Tek Adam Rejimine Giden Yol
Türk tipi başkanlık veya “tek adam” rejimi, bu tarihsel arka plan çerçevesinde değerlendirilmelidir. Devlet ile halk arasında genetik bir uyumsuzluk vardır ve bu tekçi kod, halkların çoğul gerçekliğine dar gelmektedir. “Milli Şef”lik olarak ortaya çıkan korporatist anlayış, sistemin ve kapitalist dünyanın güncel krizleri ile birleşerek “tek adam” rejimi olarak tekrar üretilmiştir. Aradan geçen 100 yılın ardından aynı noktaya dönmek ironiktir ve tarihten ders çıkarılmadığını göstermektedir. Halkların özgür, demokratik ve insanca yaşam talebi, iç savaş rejimlerine özgü reflekslerle karşılanmaktadır.
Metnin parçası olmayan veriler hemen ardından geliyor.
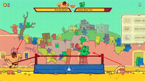 1、摔跤对战时,看准时机释放野牛,借助弹射力飞出场外,开始飞行挑战。

2010’dan ve özellikle 2015’ten bu yana Türkiye, tarihinin kısa ve yoğun bir özetini yaşamaktadır: darbe, kitle katliamları, OHAL, kayyımlar, savaş, zorla servet değişimleri ve hukukun askıya alınması… Tüm bunlara rağmen halklar, devrimciler ve demokrasi güçleri bu genetiğe uydurulamamaktadır. Son yerel seçimler bu gerçeği bir kez daha göstermiştir. Kürt halkı, kolonyalist kayyım rejimini reddetmiş ve Batı’daki itirazlar saray blokajını delmiştir. Ancak yine de demokratik talepler sistem refleksleriyle karşılanmakta, toplumsal mühendislik çabası sürmektedir.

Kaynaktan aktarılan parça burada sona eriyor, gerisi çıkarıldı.